* [PROMPT]:
Copy the lines below, word for word, from the first through the line containing "解决方法 打开GXWORKS". Leave the pictures out.

* [AVAILABLE DATA]:
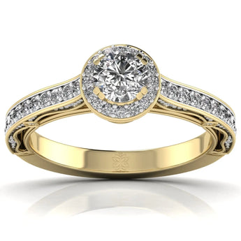 Discover refined elegance with the Radiant Halo Lab Grown Diamond Ring. Showcasing a brilliant lab grown diamond encircled by a luminous halo, this ring offers a perfect blend of ethical sourcing and exquisite design. Its sophisticated style complements any occasion, making it a timeless addition to your jewelry collection.
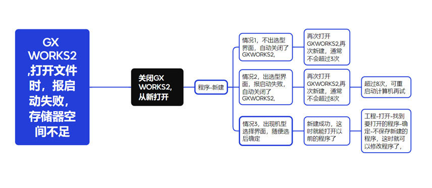 解决方法 打开GXWORKS2-工程-新建-3-10次新建后会新建成功,在此基础上打开要修改的程序即可
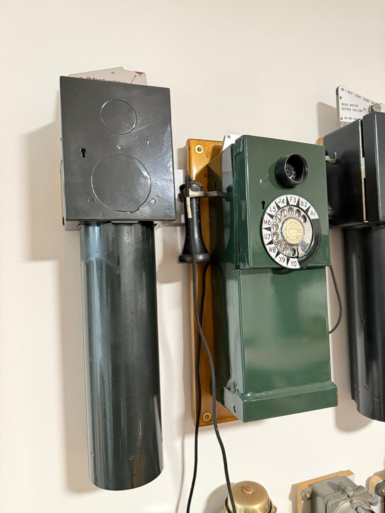 | AUTOMATIC FIXED UNIT FEE OPERATION: By the late 1920s the momentum of establishing automatic exchanges had necessitated the design of a local call telephone which did not require operator assistance. What occurred was the adoption of a universal design which incorporated a coin receptacle, very much like the original shapes, with a housing at the top containing the circuitry. This top compartment was fitted with a switch hook and bell receiver, dial and transmitter being fixed into the face of the compartment door, which opened for easy maintenance. The bottom coin compartment which held a removable coin tin also aped the shapes of the earlier coin receptacles. Fig.6 depicts the oblong as opposed to the round version, and Fig.7 illustrates the automatic fixed unit fee mechanism. HOW THE MECHANISM WORKED: When a line potential reversal was received on ‘called subscriber answer’, a polarised relay operated preventing conversation until the user inserted two pennies. These ran halfway down the coinway where they were held by a roller and spring which operated to short circuit the relay, allowing conversation to proceed. When the receiver was restored the switch hook mechanically released the roller which allowed the pennies to pass into the coin tin. The two penny coin head and layout of the mechanism could not be adapted to accept a change in tariff, it was restricted to one or two penny operation. Source- (with thanks to) History of the telephone in New South Wales / by Jim Bateman [Croydon, N.S.W.] : J. Bateman, 1980 ISBN: 0959478701 |

* [PROBLEM SOLUTION]:
 Discover refined elegance with the Radiant Halo Lab Grown Diamond Ring. Showcasing a brilliant lab grown diamond encircled by a luminous halo, this ring offers a perfect blend of ethical sourcing and exquisite design. Its sophisticated style complements any occasion, making it a timeless addition to your jewelry collection.
 解决方法 打开GXWORKS2-工程-新建-3-10次新建后会新建成功,在此基础上打开要修改的程序即可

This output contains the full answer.